C57BL/6J mice were maintained in the University of Illinois’s Institute for Genomic Biology animal facility. Procedures and animal care were in accordance with the Guide for the Care and Use of Laboratory Animals (National Research Council) and approved by the Institutional Animal Care and Use Committee. Young adult mice, used for neuroinflammation (intraperitoneal, i.p. LPS or pI:C) experiments, were 12-week-old males at time of treatment. Saline (control), LPS, or pI:C treatments were administered prior to the start of the dark cycle. LPS (serotype 0127:B8, Sigma, St. Louis, MO, USA) was administered at 330 μg/kg body weight; this dose has been shown to elicit neuroinflammation, elevated Ido1, Ido2, and Tdo2 expression and depression-like behaviors (40). pI:C (P0913, Sigma, St. Louis, MO, USA) was administered at 12 mg/kg body weight. Previous work has shown that pI:C also causes cytokine and Ido1 response in the hippocampus and depression-like behaviors (6). Mice were sacrificed 6 h post-treatment.

Heat-inactivated horse serum (SH30074.03), Hank’s balanced salt solution (HBSS, SH30030.03), Eagle’s minimal essential medium (MEM, SH30024.02) were purchased from Hyclone (Logan, UT, USA). d-glucose (15023–021) was purchased from Gibco (Carlsbad, CA, USA). Dex (tested at 1 μM, D4902), pI:C (tested at 10 μg/ml, P0913), and Gey’s balanced salt solution (GBSS, G9779) were from Sigma (St. Louis, MO, USA). Recombinant mouse IFNγ (tested at 10 ng/ml, 315–05) was from Peprotech (Minneapolis, MN, USA). Gal-1 (1245), Gal-3 (1197), and Gal-9 (3535), all tested at 1 μg/ml and TNFα (tested at 10 ng/ml, 410-MT) were purchased from R&D Systems (Minneapolis, MN, USA). IL-1β (tested at 10 ng/ml, IL014) was purchased from Chemicon International (Temecula, CA, USA).
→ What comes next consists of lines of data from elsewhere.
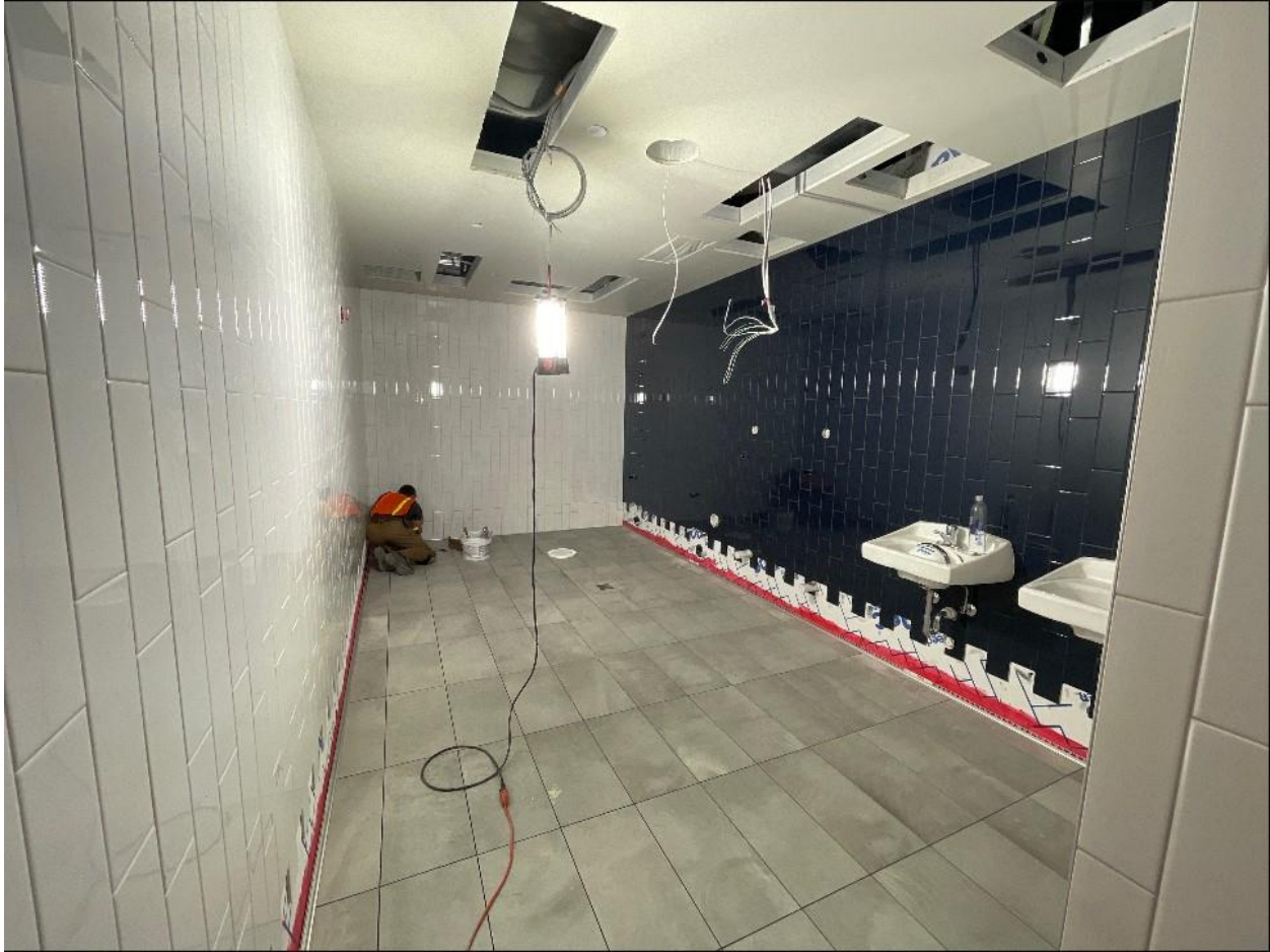
Bathroom tile installation in the Academic Wing
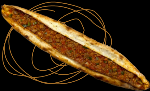
DICED MEAT PIDE ..... $22.99
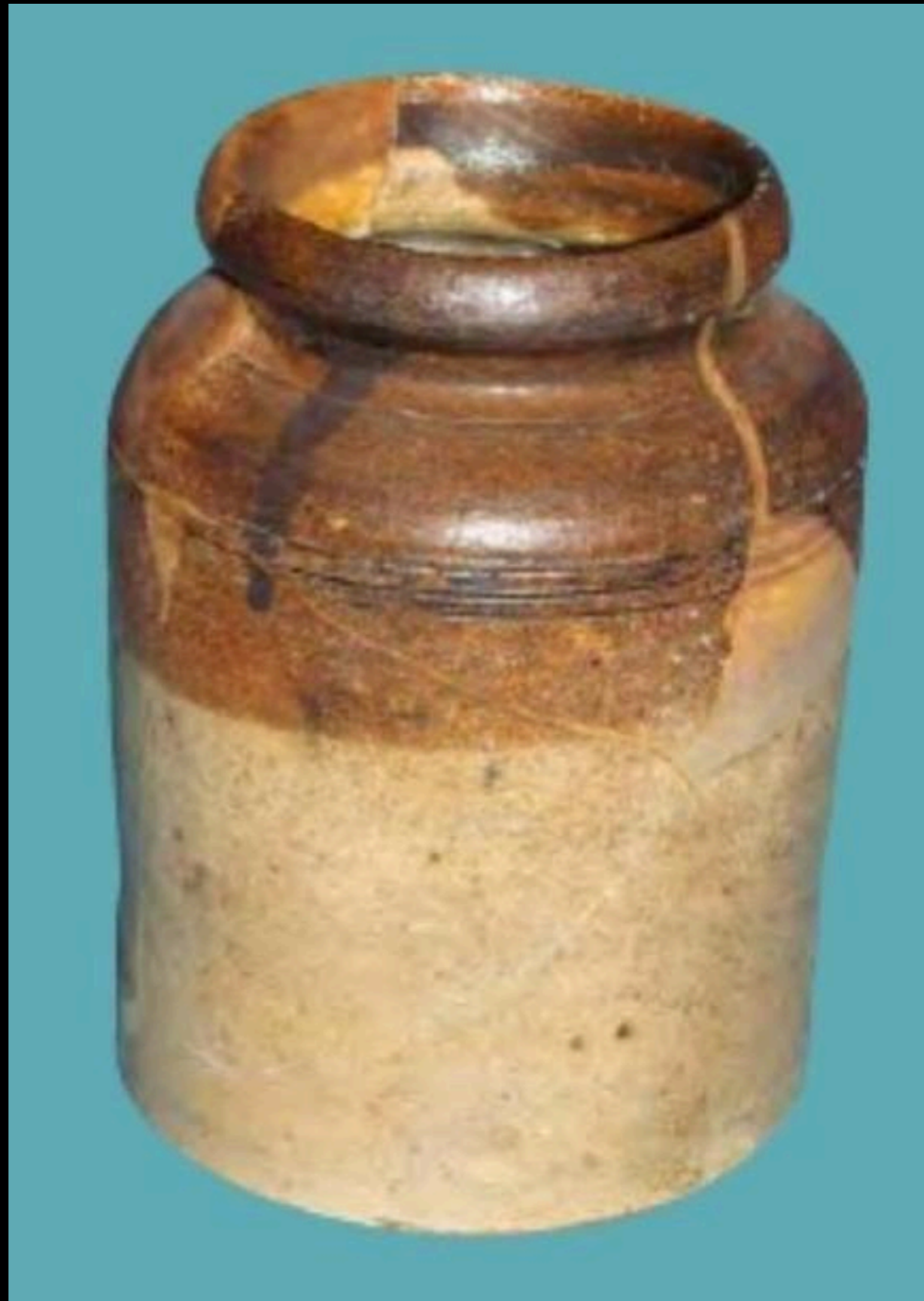
Brown Stoneware Storage Jar Found in the Wreck of the General Carleton c. 1785 (Polish Maritime Museum)

Organotypic hippocampal slice cultures were prepared from hippocampi of C57BL/6J pups, 7–10 days old, as previously described (39). Briefly, hippocampi were cut into 350 μm transverse slices with a McIlwain tissue chopper (Campden Instruments Ltd., UK) and positioned onto membrane inserts (PICM03050, EMD Millipore) with six slices per insert, each slice from a different animal. Inserts were placed into 6-well culture plates with 1.25 ml of medium [50% MEM, 25% horse serum, 1 × penicillin/streptomycin (Pen/Strep), 15 mM 4-(2-hydroxyethyl)-1-piperazineethanesulfonic acid (HEPES buffer, pH 7.4), 25% HBSS, and 0.5% d-glucose]. Every 2–3 days, medium was changed. On the seventh day, OHSCs were rinsed three times with serum-free medium (Dulbecco’s MEM, Pen/Strep, HEPES and 150 μg/ml bovine serum albumin) and incubated for 2 h. Slices were rinsed again with serum-free medium and treatments added to fresh serum-free medium. OHSCs were treated with IFNγ, TNFα, IL-1β, pI:C, or Dex, with or without Gal-9. To determine if effects were specific to Gal-9, independent OHSC preparations were treated with IFNγ and pI:C with or without Gal-1 and Gal-3. Six hours later, tissues and supernatants were collected and kept at −80°C for subsequent analysis.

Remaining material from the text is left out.